#### [Records supplied]
Segment Open

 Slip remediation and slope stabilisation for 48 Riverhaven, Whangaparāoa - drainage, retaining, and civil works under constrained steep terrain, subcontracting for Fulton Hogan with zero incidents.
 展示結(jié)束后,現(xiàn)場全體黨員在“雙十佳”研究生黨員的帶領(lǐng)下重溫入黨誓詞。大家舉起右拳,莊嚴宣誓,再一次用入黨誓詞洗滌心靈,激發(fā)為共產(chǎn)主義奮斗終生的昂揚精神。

Segment Closed
Segment Open

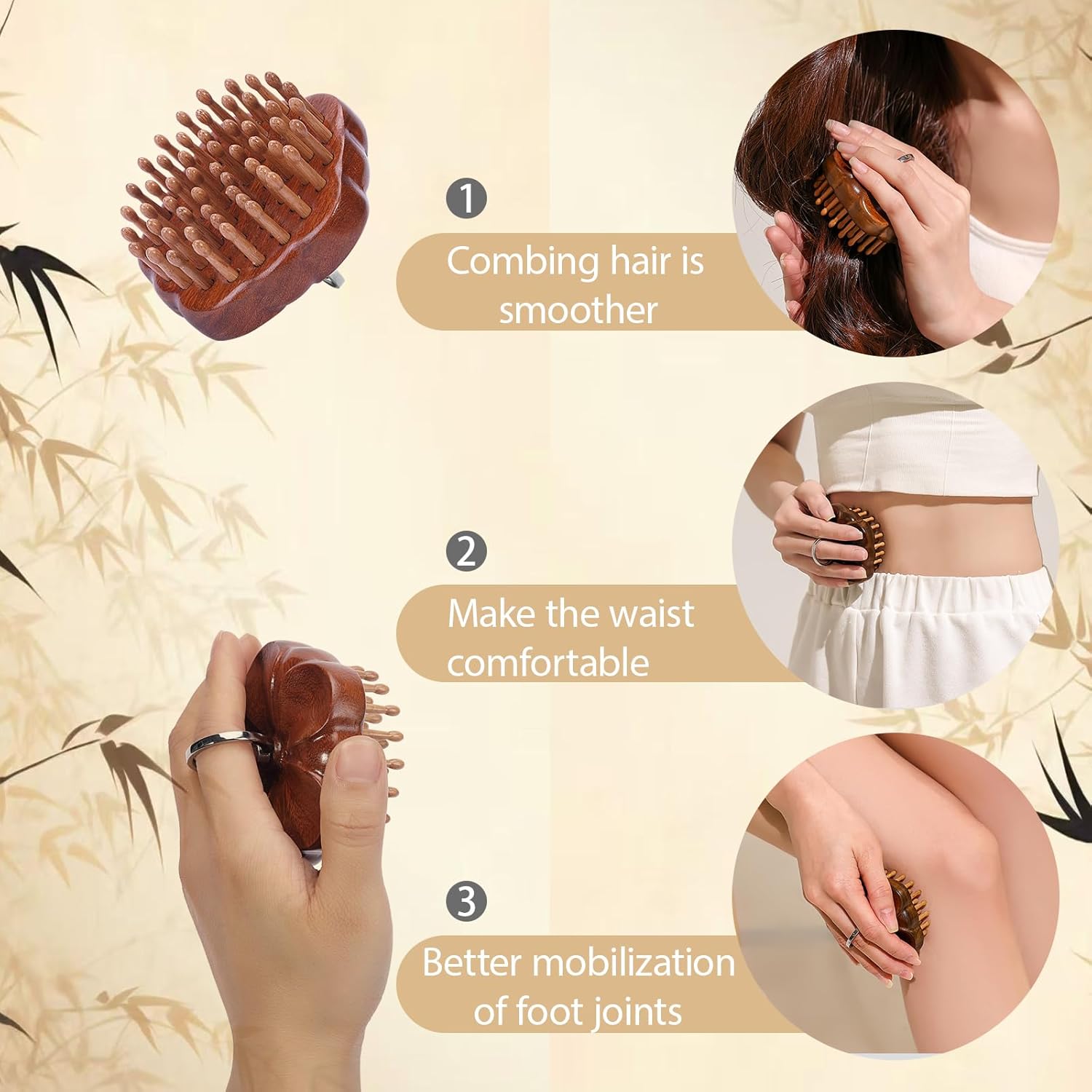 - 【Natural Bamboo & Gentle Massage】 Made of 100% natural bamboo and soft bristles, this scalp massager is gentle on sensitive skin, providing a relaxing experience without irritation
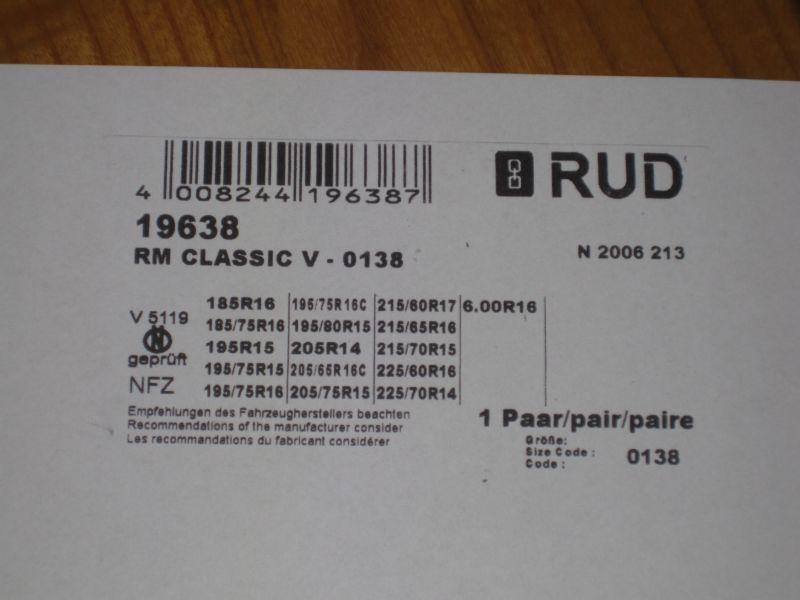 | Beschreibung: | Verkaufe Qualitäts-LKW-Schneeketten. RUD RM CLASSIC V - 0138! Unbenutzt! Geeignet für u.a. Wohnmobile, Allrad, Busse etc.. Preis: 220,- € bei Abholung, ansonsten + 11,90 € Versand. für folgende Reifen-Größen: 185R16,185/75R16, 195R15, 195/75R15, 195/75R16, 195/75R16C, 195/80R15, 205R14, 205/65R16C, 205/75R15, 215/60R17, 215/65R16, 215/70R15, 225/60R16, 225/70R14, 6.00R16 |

Segment Closed

Within the listing above, extract exactly the lines from the line with "Slip remediation and" to the line with "展示結(jié)束后,現(x", the two named lines included, and no others.

#### [Task output]
 Slip remediation and slope stabilisation for 48 Riverhaven, Whangaparāoa - drainage, retaining, and civil works under constrained steep terrain, subcontracting for Fulton Hogan with zero incidents.
 展示結(jié)束后,現(xiàn)場全體黨員在“雙十佳”研究生黨員的帶領(lǐng)下重溫入黨誓詞。大家舉起右拳,莊嚴宣誓,再一次用入黨誓詞洗滌心靈,激發(fā)為共產(chǎn)主義奮斗終生的昂揚精神。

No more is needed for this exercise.